ところで、中国公船の「領海侵入」はどのような状況で起こっているのか。断片的な情報しかないが、「漁船の監視や追跡」によるものとの見方が多い。だが、日本側の漁船が尖閣周辺で頻繁に漁業を行っている事実はない。八重山漁協(石垣市)の関係者に聞くと「漁協の船であの海に行く船はいないよ。メリットよりもリスクの方が大きいから」という。また、「いま石垣から行くのは、尖閣は日本領土だと主張する目的の船くらいだ」とも。さらに「石垣から尖閣までは約170キロメートル離れており、漁民にとって漁船の燃料が高騰した影響も大きい。一方で魚価は低迷。大型船で数日かけて漁をしなければ採算はとれない。尖閣周辺は漁船が安心して操業を続ける環境にはない」(日経2020年8月17日)。
この事実から浮かび上がるのは、「漁船」を装った極右団体による挑発行為が中国側とのトラブルを増加させているという疑念だ。昨年の参議院選の政見放送で右翼政党が「漁船を尖閣諸島に20数回航行させた」と公言していた。1月30日には、極右の中山義隆石垣市長が乗船する「調査船」の動きに合わせて中国海警局の船が航行し、その延長線上で「領海侵入」が起こっている。尖閣諸島周辺の緊張は作られたものであることがはっきりと見えてくる。

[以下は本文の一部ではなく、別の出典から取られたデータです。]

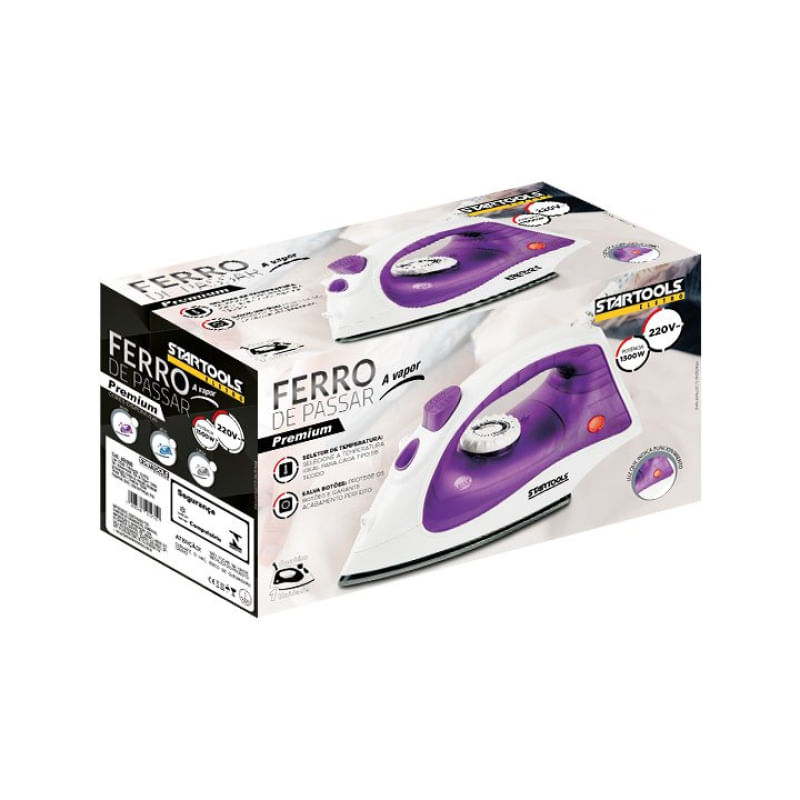 Desenvolvido para atender às necessidades do dia a dia, ele oferece uma performance superior que facilita o cuidado com todos os tipos de roupas, das mais leves às mais exigentes. Com 1500W de potência, este ferro aquece rapidamente e mantém uma temperatura constante, garantindo um desempenho uniforme e eficaz. A poderosa função spray de água ajuda a umedecer os tecidos, facilitando a remoção de amassados e vincos difíceis com muito mais rapidez.Sua base antiaderente desliza suavemente sobre qualquer tipo de tecido, evitando que as roupas grudem ou sofram danos por superaquecimento. Isso proporciona uma experiência de passar muito mais segura e eficiente, com resultados impecáveis. O design ergonômico foi pensado para oferecer conforto durante o uso, mesmo por longos períodos. Além disso, o aparelho se destaca pelo seu acabamento moderno e sofisticado, com uma elegante cor roxa, que traz um toque de personalidade e estilo ao seu ambiente doméstico. Acompanha um dosador de até 100ml. Características do Produto:- Leve- Poupa Botões- Proteção Contra Sobrecarga- Seletor de Temperatura- Base Cerâmica AntiaderenteEspecificações:Dimensões: Alt.: 12cm x Larg.: 10cm x Comp.: 24cmTensão: 127VPotencia: 1500WFrequência: 60HzGrau de Proteção: IPX0Peso: 146gCor: Roxa Reservatório Água Capacidade: 150mlContém:01 Ferro de Passar A Vapor Premium 127V - Roxa

そのうえ、政府は新「安保3文書」で海保能力強化、「自衛隊と連携」を明記し、海保を自衛隊の指揮下に置くとの方針を打ち出した。尖閣諸島の領有をめぐって軍拡をすすめ威嚇合戦を繰り広げるのは、もう止めるべきだ。尖閣諸島周辺を「争いの海」ではなく「平和・友好の海」にするため大胆な軍縮こそが求められている。この声を広げよう。